An exact copy of all the data, minus the images, is required.

[GIVEN MATERIAL]:

Content starts

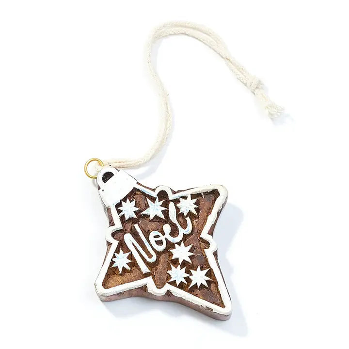 Our Hima Bindu Ornament Collection combines the art of traditional Indian wood craft with festive holiday designs, featuring solid wood block ornaments with a snow-kissed white rub finish. Artisans use hand tools to skillfully carve blocks of sustainably harvested wood into blocks which are dipped in dye and carefully applied to textiles by hand to create stunning block printed patterns. Traditional Indian wood craft requires mastery, passed on thru generations, to create the intricate carvings and refined finish. Dimensions: 3" L x 2.5" W x 0.5" H All of Matr Boomie's collection is handmade, fair trade and sustainable.
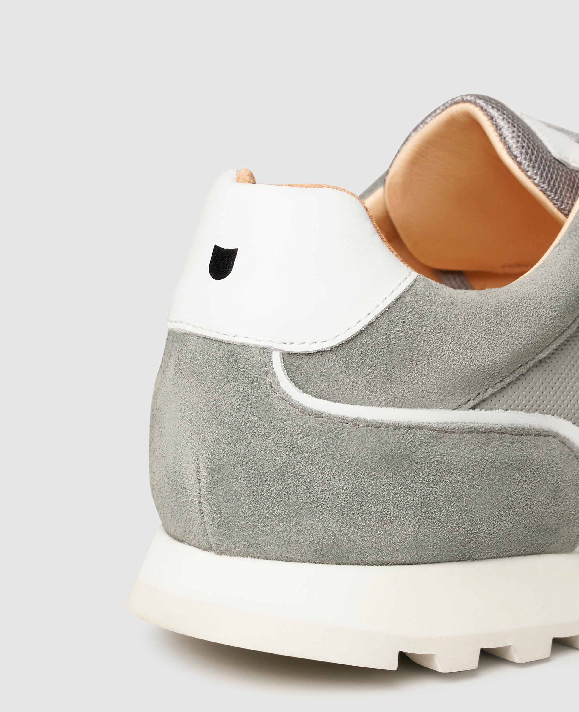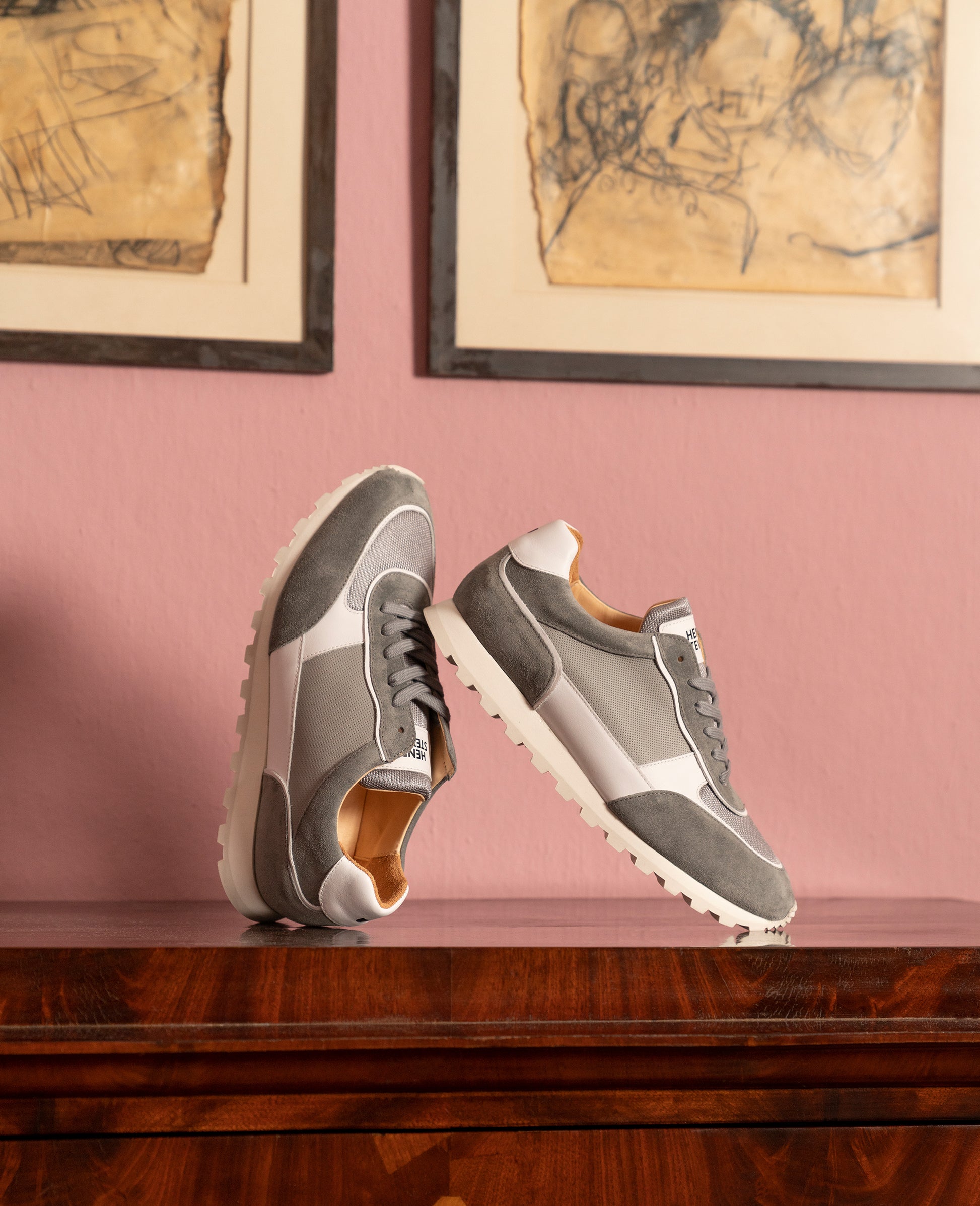 The sneakers by Henry Stevens combine comfort and a great look in a skillful way. The shoe was made in Portugal and guarantees modern lightness thanks to the fully compostable and skin-friendly organic leather lining and the comfortable exchangeable footbed with memory foam. This gray-white model for men impresses with its elegant lacing and the mix of soft calfskin and velvety calfskin velours. Equipped with a nonslip rubber outsole, tired feet are a thing of the past, even after a long and walk-intensive day. Easygoing and versatile, these casual lace-up shoes will win you over!
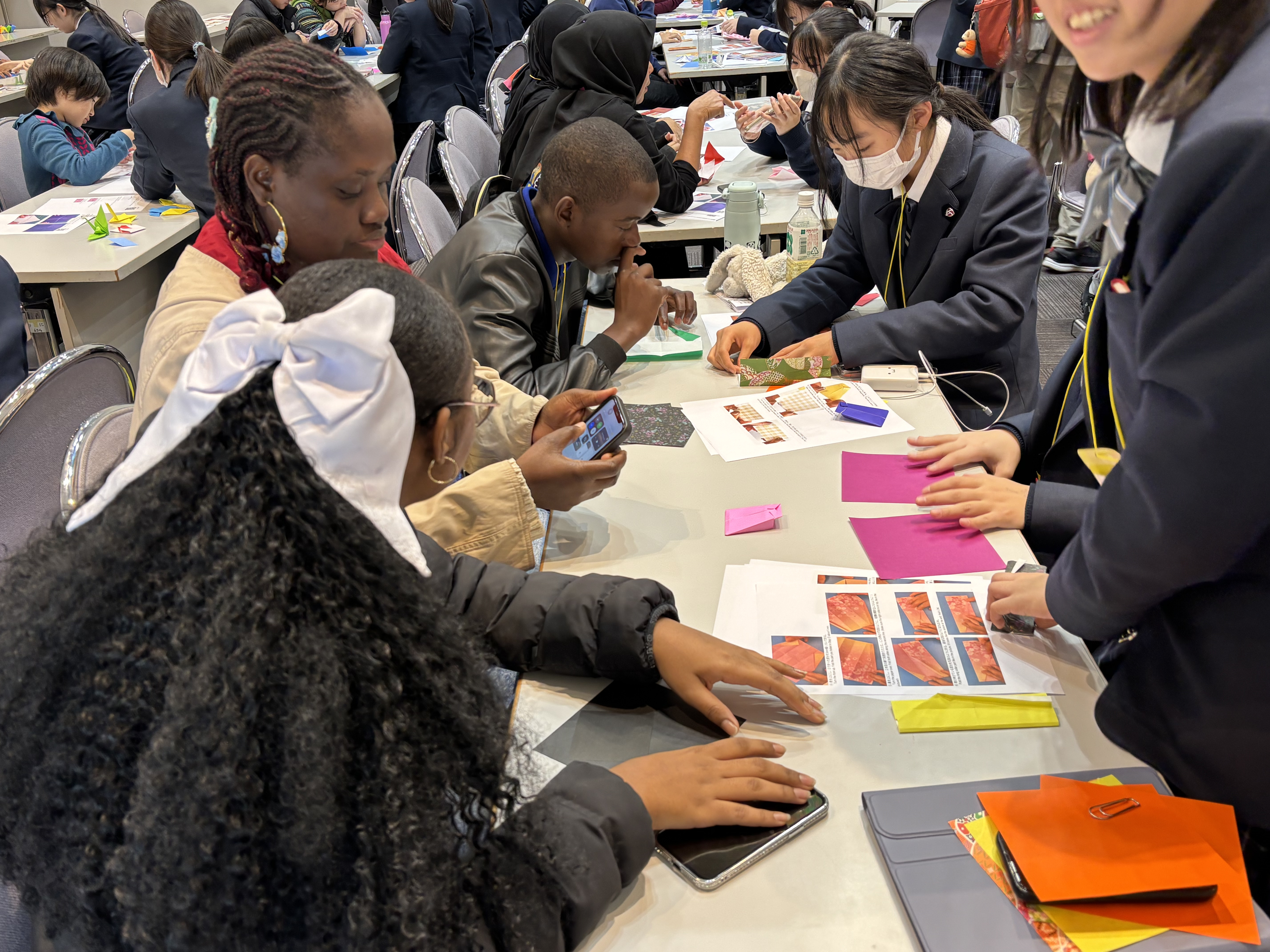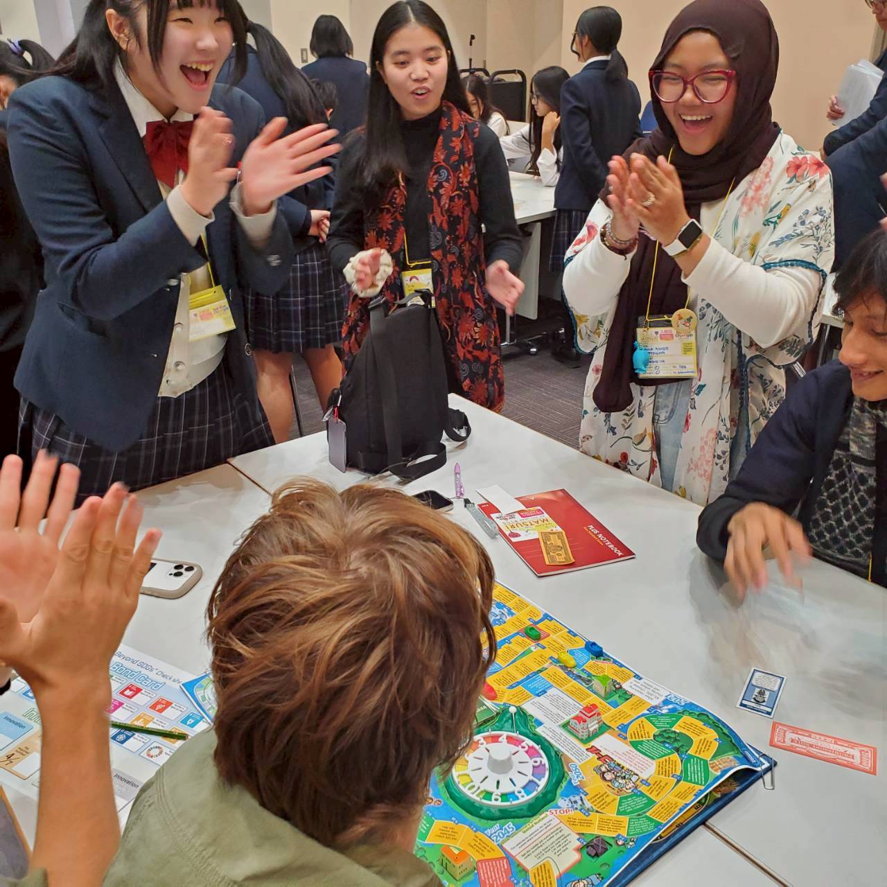 また、両日ともに来日した生徒、保護者を対象にワークショップを開催しました。本校からは日本の伝統である折り紙、茶道、現在SDGsの学びを普及するために本校で導入しているBeyond SDGs 人生ゲーム(金沢工業大学、タカラトミー社開発)の各ワークショップを企画・運営しました。

Content ends

[WRITTEN SOLUTION]:
 Our Hima Bindu Ornament Collection combines the art of traditional Indian wood craft with festive holiday designs, featuring solid wood block ornaments with a snow-kissed white rub finish. Artisans use hand tools to skillfully carve blocks of sustainably harvested wood into blocks which are dipped in dye and carefully applied to textiles by hand to create stunning block printed patterns. Traditional Indian wood craft requires mastery, passed on thru generations, to create the intricate carvings and refined finish. Dimensions: 3" L x 2.5" W x 0.5" H All of Matr Boomie's collection is handmade, fair trade and sustainable.
 The sneakers by Henry Stevens combine comfort and a great look in a skillful way. The shoe was made in Portugal and guarantees modern lightness thanks to the fully compostable and skin-friendly organic leather lining and the comfortable exchangeable footbed with memory foam. This gray-white model for men impresses with its elegant lacing and the mix of soft calfskin and velvety calfskin velours. Equipped with a nonslip rubber outsole, tired feet are a thing of the past, even after a long and walk-intensive day. Easygoing and versatile, these casual lace-up shoes will win you over!
 また、両日ともに来日した生徒、保護者を対象にワークショップを開催しました。本校からは日本の伝統である折り紙、茶道、現在SDGsの学びを普及するために本校で導入しているBeyond SDGs 人生ゲーム(金沢工業大学、タカラトミー社開発)の各ワークショップを企画・運営しました。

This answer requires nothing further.